Exercise. Set down the data below exactly; pictures stay out.

Supplied information.

==============================

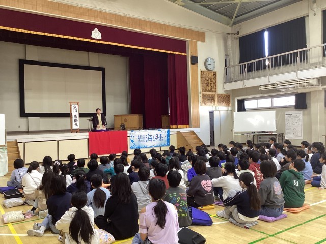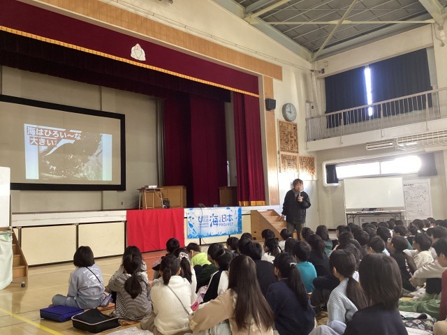 日本財団「海と日本プロジェクト」井手迫先生と落語家の立川志獅丸さんをゲストティーチャーとしてお呼びし、海に捨てられているプラスチックごみが生き物にどんな影響をもたらしているのか、落語とスライドを使って教えていただきました。
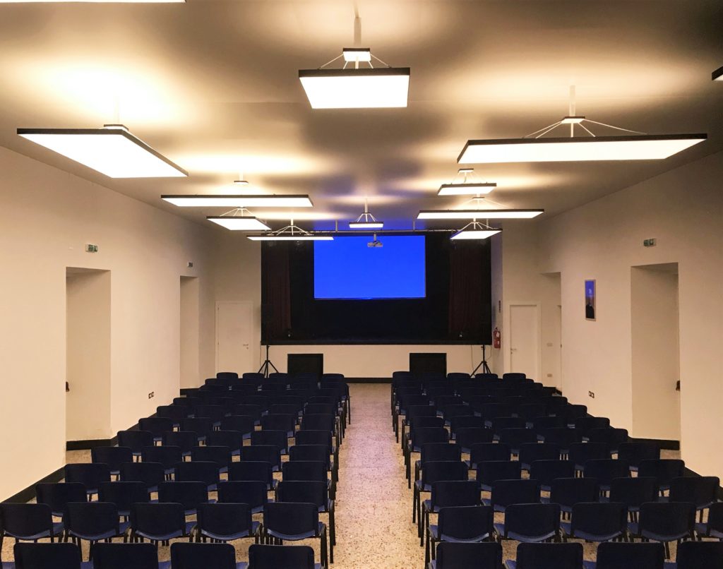 Essendo questo uno spazio dedito specialmente a opere e rassegne teatrali , abbiamo optato per una controsofittatura in pvc termoteso con proprietà fonoassorbenti , così da poter limitare sia l’eco in sala che i suoni verso l’esterno dell’edificio.
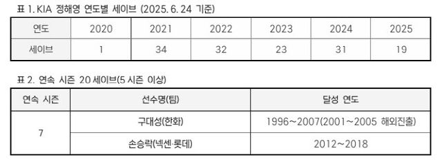 정해영은 24일 경기까지 마친 현재 19세이브로 세이브 부문 리그 3위를 달리고 있다. 1위 박영현(KT·21세이브), 2위 김원중(롯데·20세이브)을 바짝 뒤쫓고 있다. 정해영은 2024시즌 31세이브를 올리며 KBO 리그 세이브상을 수상한 바 있다.
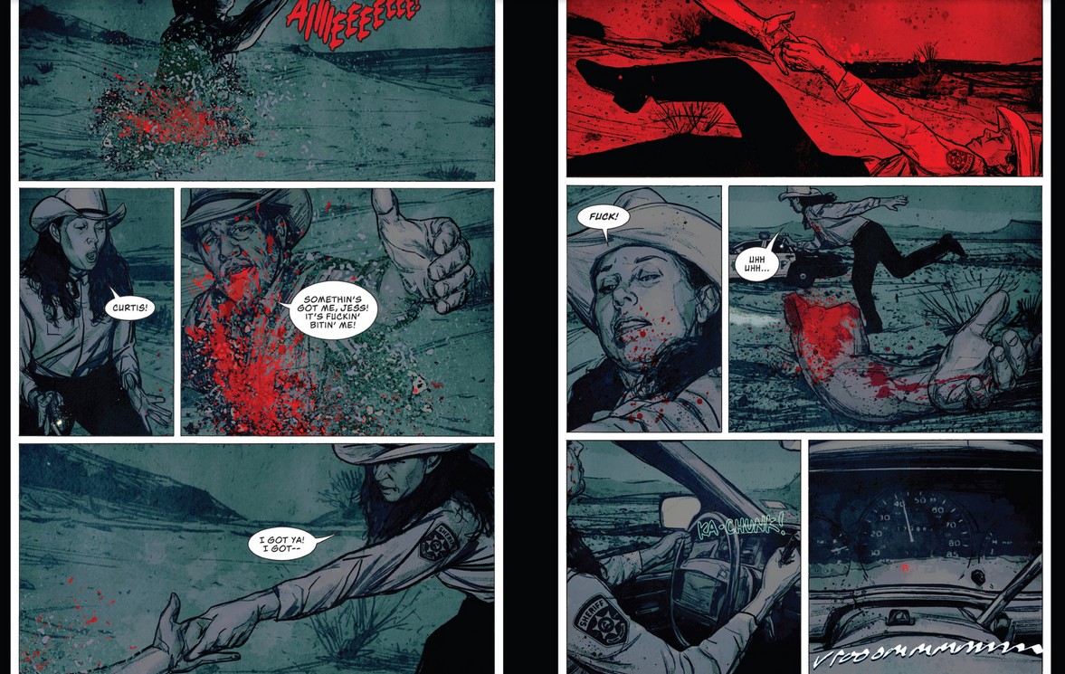 先にJessがAndyに渡したスラーピーを拾い上げる保安官。その身体がいきなり地面に引き込まれ、胴から血が噴き出す。
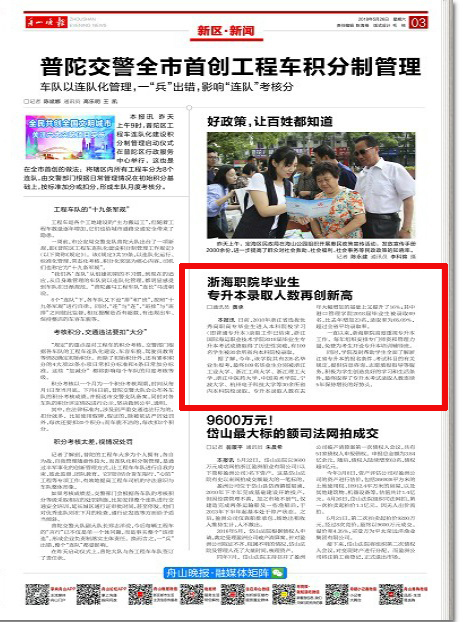 据了解,今年,该学院共有235名毕业生报考,最终109名毕业生分别被浙江工业大学、浙江工商大学、浙江理工大学、浙江中医药大学、中国美术学院、宁波大学、杭州电子科技大学等30余所省内本科院校录取。专升本录取人数在去年大幅增加的基础上又提升了16%;其中港口管理学院2018届毕业生被录取69名,比去年增加23名,录取率为65.09%,超过全省平均录取率。
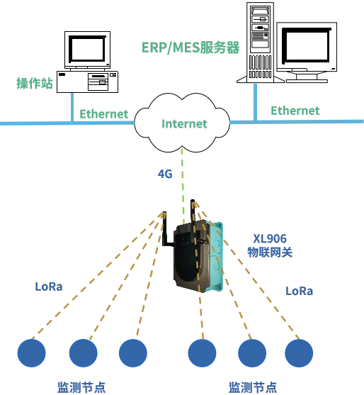 XL906物聯(lián)網(wǎng)關(guān),無線讀取監(jiān)測節(jié)點的數(shù)據(jù),進行處理、協(xié)議轉(zhuǎn)換,通過以太網(wǎng)(Ethernet)或Wi-Fi,轉(zhuǎn)發(fā)數(shù)據(jù)至MES、ERP、EMS等多個工廠數(shù)字化平臺,實現(xiàn)數(shù)據(jù)聯(lián)網(wǎng)、集中監(jiān)控分析。
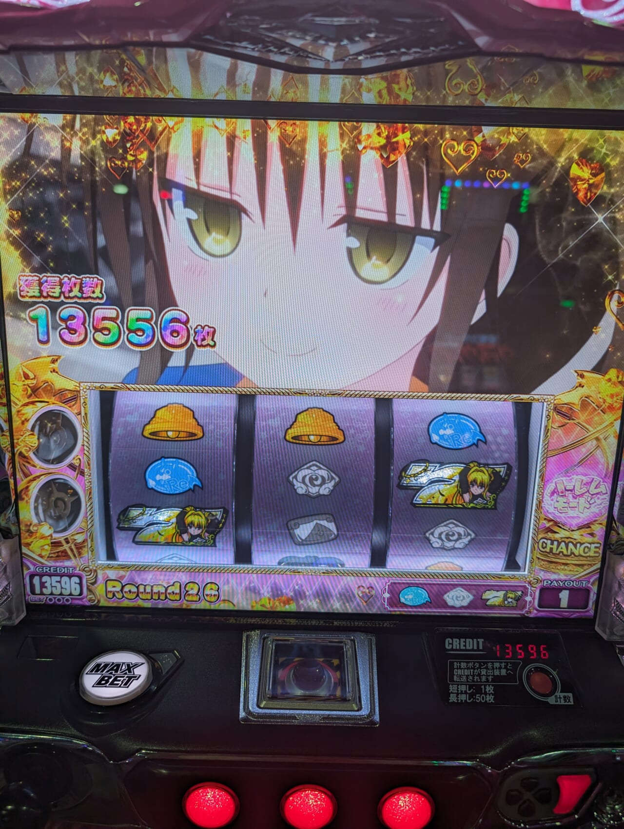 2ラウンド目で謎にハーレム行って、500枚のボーナスでST入ったらチャンス目どころかリプレイすら引けず駆け抜け終了…
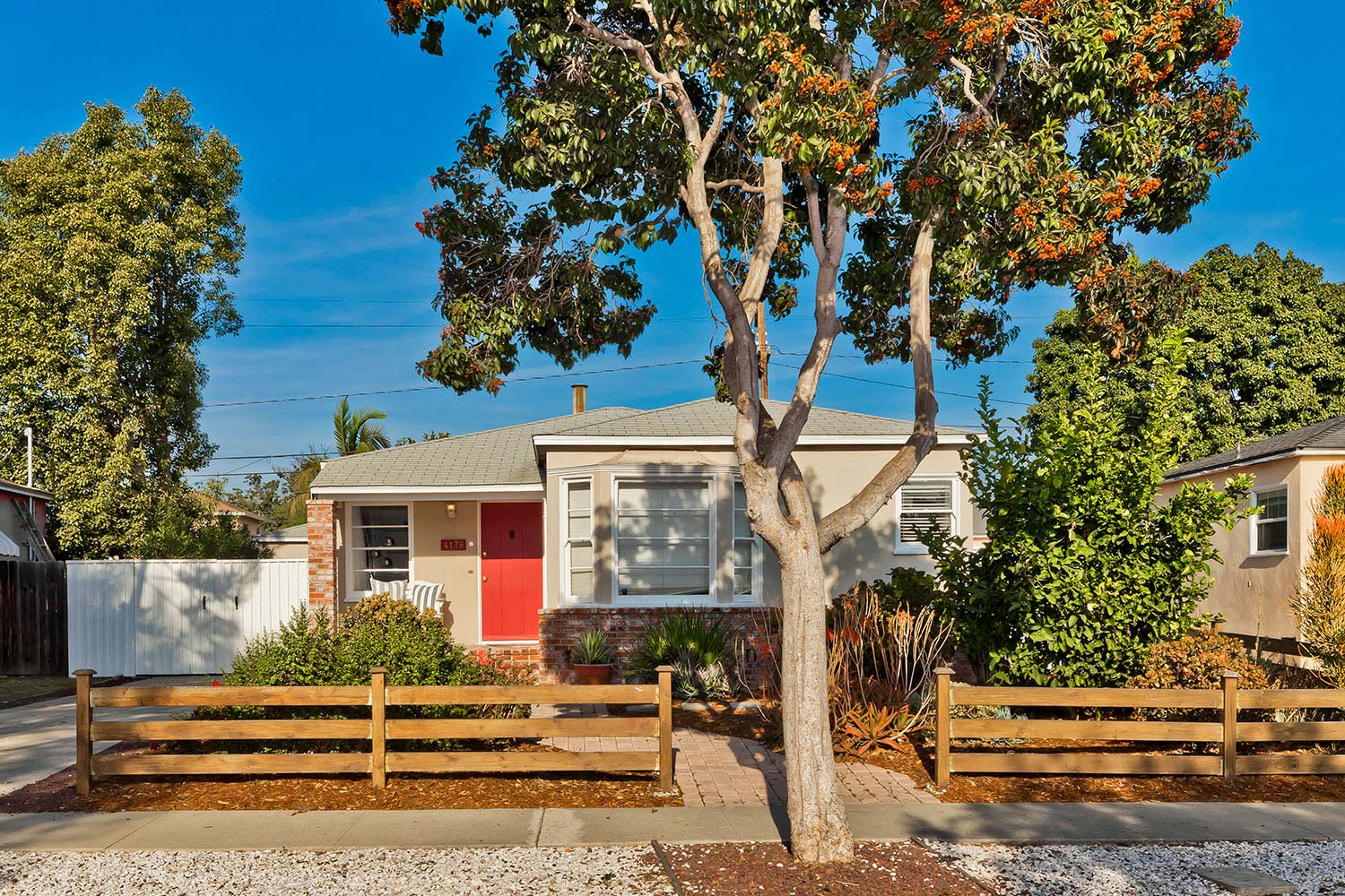 This light and bright Traditional exudes charm while enjoying several updates and offers a large yard -- all just minutes from shops, restaurants, the freeway and more. From the inviting front yard with fence and porch to the wood floors and redone kitchen and master bath, this home is move-in ready. Airy living and dining off updated kitchen. Two spacious bedrooms with shared hall bath. Master suite includes recently done 3/4 bath. Private grass yard, plus multiple patio spaces -- perfect for entertaining or casual daily living. Two-car garage, plus room for up to 3 cars on the gated driveway.
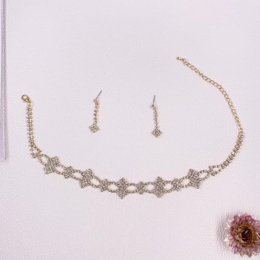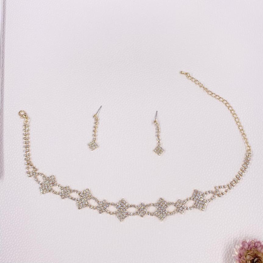 Nueva joyería transfronteriza europea y americana, elegante collar de diamantes de imitación, pendientes, traje de cena, accesorios llenos de diamantes.
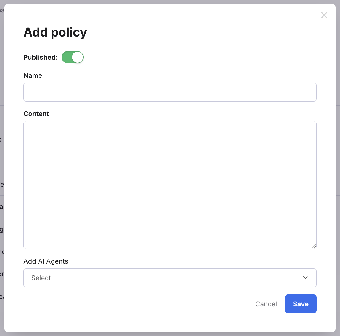The slider is enabled by default, which means the policy will be available for the AI Agent to use as soon as it is saved. - Name
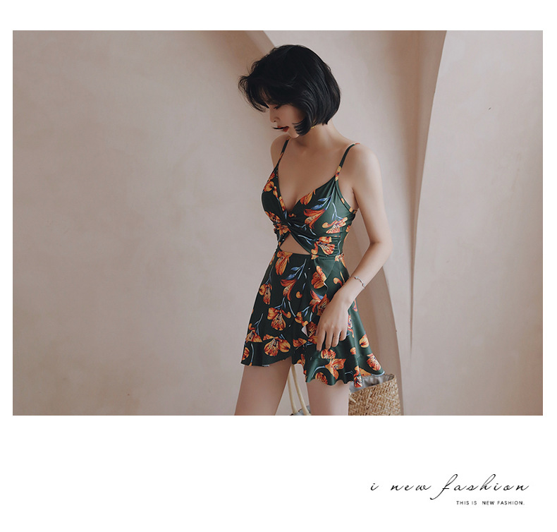 빈티지 그린 커플 수영복 2020 새로운 원피스 보수적 배꼽 덮인 슬리밍 휴가 해변 여성을위한 온천 수영복스토어 가기
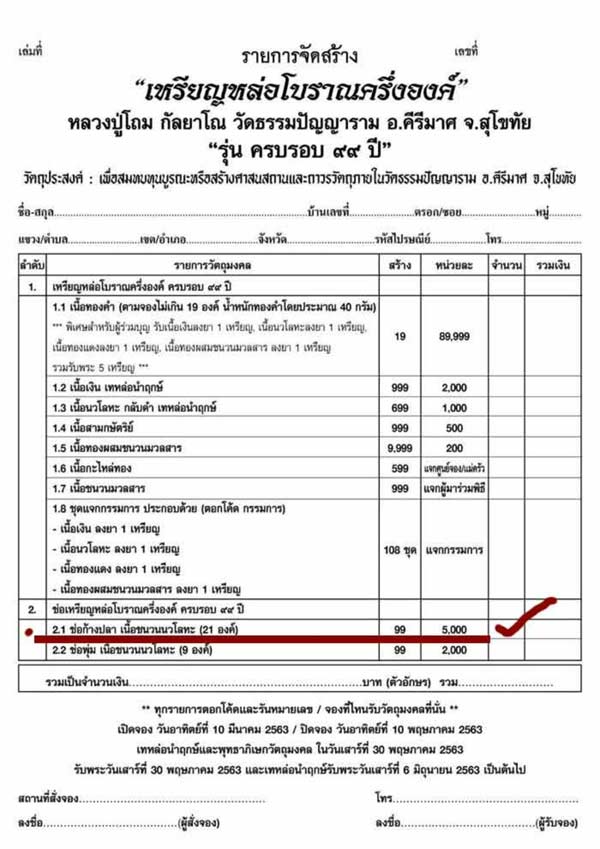 รายละเอียดการจัดสร้างในจำวนการจัดสร้าง 99 ช่อ
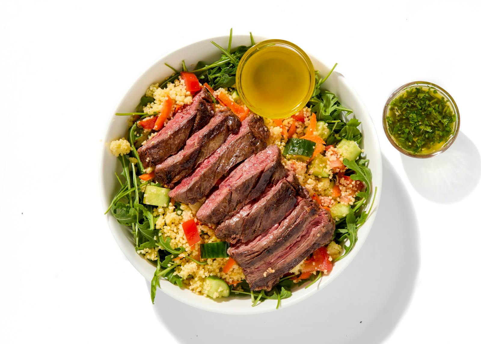 Marinated skirt steak, grilled and sliced, comes served over a bright couscous salad of cucumber, tomato, and arugula. Herby chimichurri on the side adds a fresh, garlicky punch.
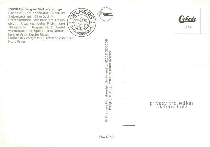 74039538 Oelberg oelberg Koenigswinter Siebengebirge Berggasthaus postalisch nicht gelaufen Fliegeraufnahme Erhaltung siehe scans [FriedD77] KatCode: 11110005382024
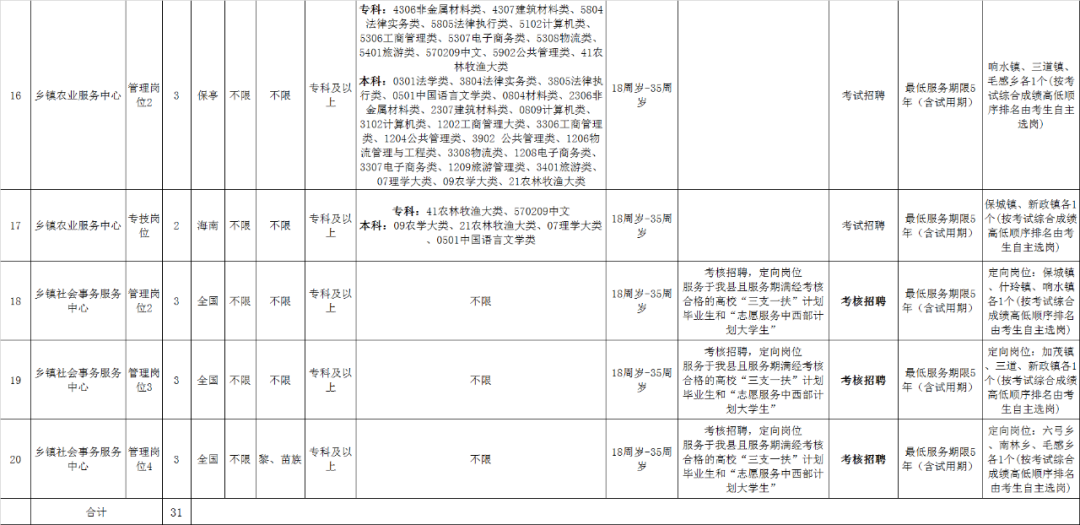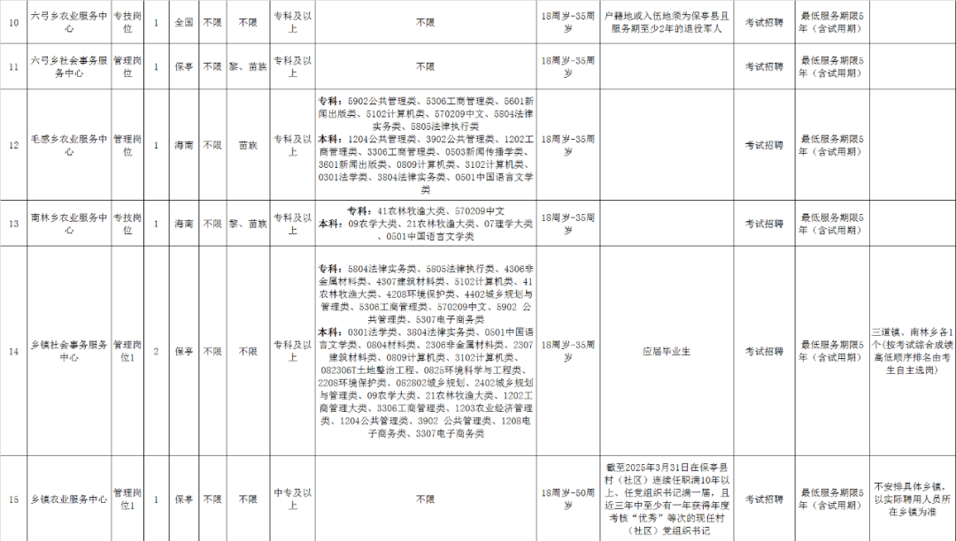 (一)服务于保亭黎族苗族自治县且服务期满经考核合格的高校“三支一扶”计划毕业生和“志愿服务中西部计划大学生”须服务满2年才可报考定向岗位。

==============================

Solution to this problem.
 日本財団「海と日本プロジェクト」井手迫先生と落語家の立川志獅丸さんをゲストティーチャーとしてお呼びし、海に捨てられているプラスチックごみが生き物にどんな影響をもたらしているのか、落語とスライドを使って教えていただきました。
 Essendo questo uno spazio dedito specialmente a opere e rassegne teatrali , abbiamo optato per una controsofittatura in pvc termoteso con proprietà fonoassorbenti , così da poter limitare sia l’eco in sala che i suoni verso l’esterno dell’edificio.
 정해영은 24일 경기까지 마친 현재 19세이브로 세이브 부문 리그 3위를 달리고 있다. 1위 박영현(KT·21세이브), 2위 김원중(롯데·20세이브)을 바짝 뒤쫓고 있다. 정해영은 2024시즌 31세이브를 올리며 KBO 리그 세이브상을 수상한 바 있다.
 先にJessがAndyに渡したスラーピーを拾い上げる保安官。その身体がいきなり地面に引き込まれ、胴から血が噴き出す。
 据了解,今年,该学院共有235名毕业生报考,最终109名毕业生分别被浙江工业大学、浙江工商大学、浙江理工大学、浙江中医药大学、中国美术学院、宁波大学、杭州电子科技大学等30余所省内本科院校录取。专升本录取人数在去年大幅增加的基础上又提升了16%;其中港口管理学院2018届毕业生被录取69名,比去年增加23名,录取率为65.09%,超过全省平均录取率。
 XL906物聯(lián)網(wǎng)關(guān),無線讀取監(jiān)測節(jié)點的數(shù)據(jù),進行處理、協(xié)議轉(zhuǎn)換,通過以太網(wǎng)(Ethernet)或Wi-Fi,轉(zhuǎn)發(fā)數(shù)據(jù)至MES、ERP、EMS等多個工廠數(shù)字化平臺,實現(xiàn)數(shù)據(jù)聯(lián)網(wǎng)、集中監(jiān)控分析。
 2ラウンド目で謎にハーレム行って、500枚のボーナスでST入ったらチャンス目どころかリプレイすら引けず駆け抜け終了…
 This light and bright Traditional exudes charm while enjoying several updates and offers a large yard -- all just minutes from shops, restaurants, the freeway and more. From the inviting front yard with fence and porch to the wood floors and redone kitchen and master bath, this home is move-in ready. Airy living and dining off updated kitchen. Two spacious bedrooms with shared hall bath. Master suite includes recently done 3/4 bath. Private grass yard, plus multiple patio spaces -- perfect for entertaining or casual daily living. Two-car garage, plus room for up to 3 cars on the gated driveway.
 Nueva joyería transfronteriza europea y americana, elegante collar de diamantes de imitación, pendientes, traje de cena, accesorios llenos de diamantes.
The slider is enabled by default, which means the policy will be available for the AI Agent to use as soon as it is saved. - Name
 빈티지 그린 커플 수영복 2020 새로운 원피스 보수적 배꼽 덮인 슬리밍 휴가 해변 여성을위한 온천 수영복스토어 가기
 รายละเอียดการจัดสร้างในจำวนการจัดสร้าง 99 ช่อ
 Marinated skirt steak, grilled and sliced, comes served over a bright couscous salad of cucumber, tomato, and arugula. Herby chimichurri on the side adds a fresh, garlicky punch.
 74039538 Oelberg oelberg Koenigswinter Siebengebirge Berggasthaus postalisch nicht gelaufen Fliegeraufnahme Erhaltung siehe scans [FriedD77] KatCode: 11110005382024
 (一)服务于保亭黎族苗族自治县且服务期满经考核合格的高校“三支一扶”计划毕业生和“志愿服务中西部计划大学生”须服务满2年才可报考定向岗位。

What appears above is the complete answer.